Accounts of archaeology are all about the finds. By contrast I enjoyed this light newspaper article about what goes on before a find of any consequence is made; maybe none such will be made.

http://www.cambridge-news.co.uk/news/cambridge-news/9-amazing-things-revealed-workers-12816376

 
Comment by Susie
2017-03-30 14:12:21

Interesting that they were buried in coffins.As far as I know back then they were not buried in coffins, even today Orthodox Jews (where it is allowed by law)and Israelis are not buried in coffins.

 
Comment by Dom Perignon
2017-03-30 16:15:24

In OpenStreetmap (at 12° 28′ 17,7″E, 41° 53′ 01,0″N), there seems to be a disdained car park (‘Parking Trastevere’).

‘Non-car’ parks and rose gardens, i.e. in our case the Roseto di Roma Capitale (‘Rome Rose Garden’), on former inner-city graveyards are actually quite common. In some European cities people do even walk on former tombstones, which I personally like much more than having car parks.

PS: Whatever you do, do rest in peace

 
Comment by Lisboeta
2017-03-30 18:20:05

As a latecomer, I’m still working my way through your archival treasure trove. It’s addictive and has caused many a late night (I’ll just read one more article…).

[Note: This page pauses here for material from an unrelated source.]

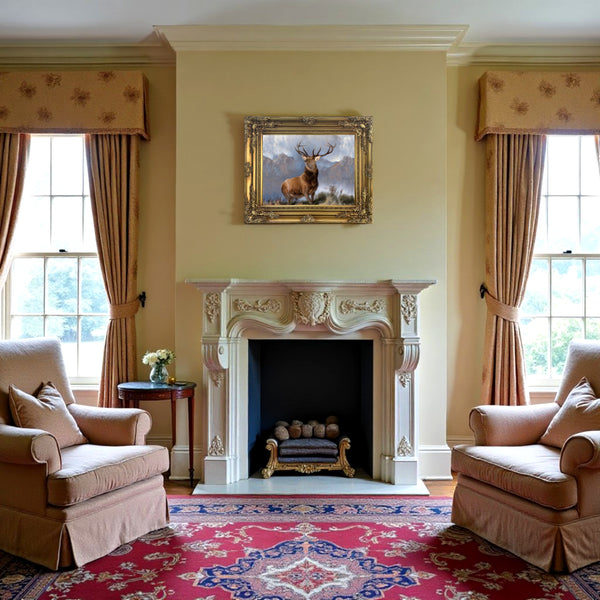 A Fine Oleograph on Stretched Canvas in an Ornate Rococo Frame, "Monarch of the Glen" after the original by Edwin Landseer. The Oleograph measures 16 inches x 12 inches with overall measurements in the Hand Painted Gesso Gallery frame being 22 inches x 18 inches. The Oleograph has a hand applied varnished finish with replicates the appearance, craquelure, patina & texture of an oil painting.

Back on topic, that gold ring looked vaguely familiar: is the central motif a hand? I have a similar ring, albeit with two clasped hands. So it was off down the rabbit hole, where I learned that hands are a symbol common to not only Jewish wedding rings but also Western rings pledging fidelity (mani in fede), in use from Roman times to the present day.